This is the time of year when all the college acceptances start pouring in. You may spend April doing some final visits to figure out which school is right for you now. You may not know what you want to major in, but you likely have a couple of alternatives in mind. It’s not too soon to take a look at the classes your possible schools have and start roughing out a plan. (If you know which one you’re going to go to, you can get more detailed from the start.) This will make college a more valuable, productive experience, and any opportunity to practice this kind of planning will be critical to success in your career. Planning your classes yourself and continuing to rough out the plan as new information becomes available will help you graduate on time and save you a ton of money in the process. (The money aspect may make it tempting for parents to take over this spreadsheet, but if you are a parent who really must, at least use it in stealth mode, to prompt your student to double-check their facts. Land the helicopter and walk away.) It may also save you some false starts. For example, some science majors at some schools are not easily compatible with a semester abroad—taking a look now will help you pick the right school and go in to a chosen school aware from the start about any potential trade-offs between your interests.
By way of example, I thought I’d use one my sons’ college experience.

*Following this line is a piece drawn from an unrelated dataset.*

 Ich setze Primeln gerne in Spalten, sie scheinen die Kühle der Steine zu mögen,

To help you drill down into as much of the detail as you like, without my writing too much into the weeds, I’m linking extensively to the University of Puget Sound website throughout. His journey may be very different from what you imagine for yourself, but the twists and turns of his college career are probably far less than the average experience. The point of adolescence, college, and those first few jobs out of college is to help you figure out who you want to be and what you want to do, so you should expect you’ll need to adjust the grand plan constantly. (BTW, the same thing will be true of your career—see the animation in my last post.)

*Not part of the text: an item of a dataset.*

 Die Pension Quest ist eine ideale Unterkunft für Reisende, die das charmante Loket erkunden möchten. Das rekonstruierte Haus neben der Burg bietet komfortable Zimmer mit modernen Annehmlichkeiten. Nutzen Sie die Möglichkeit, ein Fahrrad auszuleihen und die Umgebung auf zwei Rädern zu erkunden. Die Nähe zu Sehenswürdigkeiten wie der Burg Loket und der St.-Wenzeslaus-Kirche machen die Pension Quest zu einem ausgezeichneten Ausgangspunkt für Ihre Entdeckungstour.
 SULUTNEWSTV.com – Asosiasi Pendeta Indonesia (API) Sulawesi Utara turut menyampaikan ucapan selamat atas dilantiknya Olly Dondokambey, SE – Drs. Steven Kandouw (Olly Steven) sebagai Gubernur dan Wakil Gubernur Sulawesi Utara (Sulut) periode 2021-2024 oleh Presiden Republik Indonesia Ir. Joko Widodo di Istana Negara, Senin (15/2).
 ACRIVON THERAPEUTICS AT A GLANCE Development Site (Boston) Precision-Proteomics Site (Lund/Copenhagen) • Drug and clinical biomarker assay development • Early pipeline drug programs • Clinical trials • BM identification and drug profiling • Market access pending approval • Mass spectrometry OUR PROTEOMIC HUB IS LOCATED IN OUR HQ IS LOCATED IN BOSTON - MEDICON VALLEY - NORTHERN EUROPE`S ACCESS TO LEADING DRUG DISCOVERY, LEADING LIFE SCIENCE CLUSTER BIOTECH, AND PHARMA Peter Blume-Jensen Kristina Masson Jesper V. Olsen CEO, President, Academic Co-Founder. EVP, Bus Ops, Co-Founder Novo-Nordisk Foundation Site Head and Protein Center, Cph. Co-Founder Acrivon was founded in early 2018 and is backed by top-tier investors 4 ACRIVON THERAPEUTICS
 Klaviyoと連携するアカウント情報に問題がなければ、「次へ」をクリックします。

Luckily, my son, Nick, was willing to send me the College Schedule spreadsheet he showed me over the holidays and said I could share it. By way of background, Nick’s a senior at the University of Puget Sound, graduating this May (2016). He was admitted as a freshman with a Humanities minor and as part of the Honors program. Right off, getting accepted to both programs meant he had to take both program-specific freshman writing seminars (on his sheet these are the HUM classes in freshman semester, although they now have different SSI-1 designations in the link above). Our family thought that was a good thing, because while he was a strong writer and coming out of a large, well-regarded public high school, his classes typically had 30–40 students.